Медведик спит, берлога едет,
Сопит в берлоге мой медведик,
Мой младший брат, ему — полгода,
В берлоге — летняя погода!
Возвращаясь к награжденной книге, тянусь к знаменитой хрестоматии-антологии «Лучшие стихи для детей», выпущенной семь лет тому назад санкт-петербургским издательским домом «Нева» и составленной М. Ясновым. В своем эссе, предшествовавшем подборке Мориц, составитель интересно писал о «фирменных» морицевых «сдвигах», искусных смещениях далеких реальностей, отсылающих нас к поэтике сюрреализма. «Детский поэт, ступивший на эту дорожку, одновременно занимается интерпретацией языка ребенка, воссозданием детской психологии и не упускает из виду ситуацию взрослой культуры». И дальше, вспоминая о стихотворении «Чудесатые дела» [18] , что родители-де непременно вспомнят о знаменитой деревне, которая ехала мимо мужика.

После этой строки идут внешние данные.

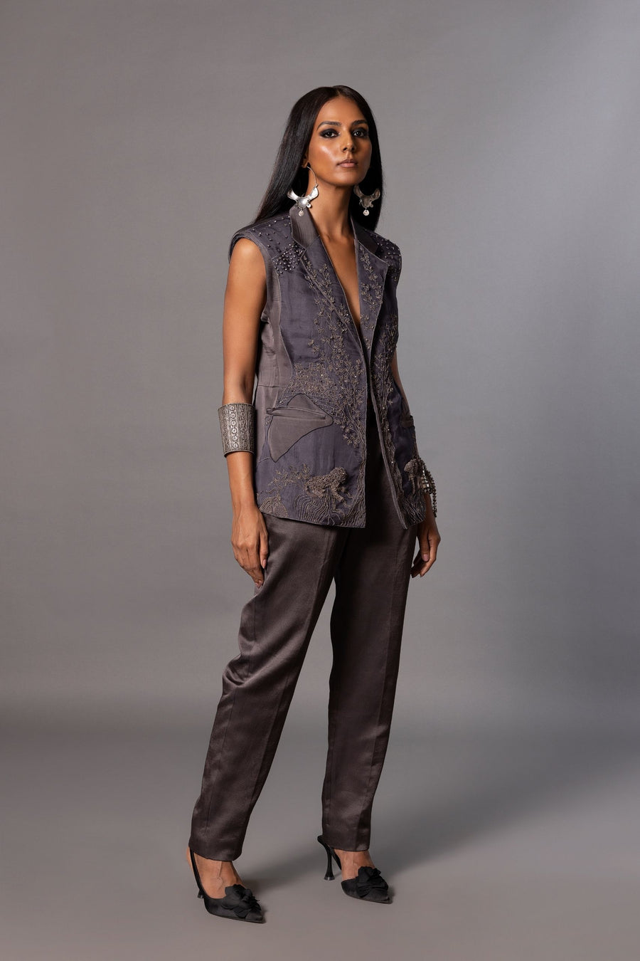 Shikhar Baugh Charcoal Jacket And Trousers Set

Вот и в новой-старой «Крыше» помимо «Нарисованного петуха» и «Хохотальной путаницы» (кстати, эти «частушечки-хохотушечки» передают привет, как я вижу, не только русским народным песенкам, потешкам и прибауткам, но и — чуковской «Путанице») имеется соответствующее ходячее окно:
В городе, в поселке,
В снегопадном шелке,
Шло по улице окно
С ангелом на елке.
Шло по улице окно,
Там, где ночь стояла.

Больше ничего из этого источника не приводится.